The population is divided according to five categories of standard of living, as shown opposite, and we focus on the two categories located at the high and low ends of the distribution, labeled “poor” and “well-off”.
The conclusion is striking.
The income gap between the poorest 13% and the richest 10% is 1 to 18 before expanded transfers and he retracts to a report of 1 to 3 after expanded transfersas shown very clearly in the diagram below, taken from the study:
In these conditions, it is difficult to claim for much longer that France is rotten by its ultraliberalism without coming across as an individual in very bad faith. The reality is that France is indeed this paradise of egalitarianism and leveling down that we see expressed in a particularly glaring and unanimously applauded way in the Bac pass rate which reached 91.4 % in 2024, or almost 80% of the generation concerned.
Except that all is not rosy in paradise, far from it.
Just as obtaining a Baccalaureate diploma is not, and is no longer, the glorious and systematic guarantee of good higher education and then access to employment without difficulty, the vast redistribution of income is no longer not the united and systematic guarantee that the French live in gentle prosperity allowing the least advantaged people to gradually and joyfully access the middle class.
Quite the opposite, in this fall of 2024 which crowns nearly 80 years of social and solidarity redistribution and 50 years of gaping and voluntary deficits, youth unemployment is (again) dangerously increasing, social plans are piling up (again) , hospitals are (still) navigating between strikes and sporadic walkouts, farmers are (still) in the streets, the civil service is also getting involved and SNCF staff intend to give us the benefit this year (again) of their very personal way of considering freedom of travel ahead of the end-of-year celebrations. As for pensions, we will have to come back to it (again).

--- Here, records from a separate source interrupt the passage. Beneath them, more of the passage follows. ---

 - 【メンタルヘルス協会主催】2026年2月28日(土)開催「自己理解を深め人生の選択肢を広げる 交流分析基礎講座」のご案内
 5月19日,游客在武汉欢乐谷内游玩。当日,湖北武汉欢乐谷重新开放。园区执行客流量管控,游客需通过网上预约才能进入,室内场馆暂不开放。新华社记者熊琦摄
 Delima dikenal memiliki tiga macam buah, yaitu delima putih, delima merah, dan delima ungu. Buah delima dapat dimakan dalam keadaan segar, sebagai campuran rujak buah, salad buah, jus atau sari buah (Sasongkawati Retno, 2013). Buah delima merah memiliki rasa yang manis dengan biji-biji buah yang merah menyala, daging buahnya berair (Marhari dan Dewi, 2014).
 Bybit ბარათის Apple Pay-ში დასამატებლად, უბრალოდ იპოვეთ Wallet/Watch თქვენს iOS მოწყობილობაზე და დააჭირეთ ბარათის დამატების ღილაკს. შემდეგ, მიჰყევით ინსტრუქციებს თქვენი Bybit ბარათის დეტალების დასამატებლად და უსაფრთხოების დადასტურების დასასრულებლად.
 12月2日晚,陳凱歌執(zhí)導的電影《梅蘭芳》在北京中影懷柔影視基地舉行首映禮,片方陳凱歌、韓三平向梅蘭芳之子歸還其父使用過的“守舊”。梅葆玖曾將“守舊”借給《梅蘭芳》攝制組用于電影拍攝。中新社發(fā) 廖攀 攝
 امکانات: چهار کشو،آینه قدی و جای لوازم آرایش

Oh, of course, the reasons given by some to support their “righteous anger” all relate to this error of appreciation of economic and social reality that I talk about in this article. It would be the fault of liberalism – and its components competition, free trade, privatization, financialization, etc. Liberalism which, as we have seen, does not exist in France, or very little.

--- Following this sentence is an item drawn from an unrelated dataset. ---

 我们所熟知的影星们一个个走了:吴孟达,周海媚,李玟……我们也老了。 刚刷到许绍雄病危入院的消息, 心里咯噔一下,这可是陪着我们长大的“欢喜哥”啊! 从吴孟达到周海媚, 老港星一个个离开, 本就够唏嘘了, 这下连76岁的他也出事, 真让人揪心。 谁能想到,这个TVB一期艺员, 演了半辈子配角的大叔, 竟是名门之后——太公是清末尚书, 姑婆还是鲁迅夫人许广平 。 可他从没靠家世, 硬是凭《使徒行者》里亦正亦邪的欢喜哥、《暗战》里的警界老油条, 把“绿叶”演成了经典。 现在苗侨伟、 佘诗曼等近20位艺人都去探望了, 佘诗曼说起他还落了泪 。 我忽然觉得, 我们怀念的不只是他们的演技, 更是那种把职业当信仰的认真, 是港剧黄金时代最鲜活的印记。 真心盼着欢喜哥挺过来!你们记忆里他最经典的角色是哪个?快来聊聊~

But there is indeed discomfort.
Because redistribution produces nothing. It provides temporary relief, it provides occasionally necessary help, but it does not lift anyone out of poverty. It must be renewed every month, every year, by taking again and again from the income (and assets) of the most inventive, the most productive categories of the population. After a while, the capital necessary for inventiveness and production begins to run out. The fiscal pressure becomes untenable and the State must go into debt to maintain the illusion that everything is going well, while inventiveness and production diminish, bringing with them anemia of growth and employment. And so on.

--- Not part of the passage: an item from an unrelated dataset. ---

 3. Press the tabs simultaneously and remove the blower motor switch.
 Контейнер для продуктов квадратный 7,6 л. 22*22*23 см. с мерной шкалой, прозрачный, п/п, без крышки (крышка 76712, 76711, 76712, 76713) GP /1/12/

Precisely the choke point where France finds itself today. And perhaps the right time to say that our economic and social system suffers from structural failures much more than cyclical ones. Rather than doing the same thing over and over again, namely spending more, getting into more debt, taxing more and starting again, with invariably disappointing results, why not start talking without getting angry about what liberalism could do for our prosperity and our freedom?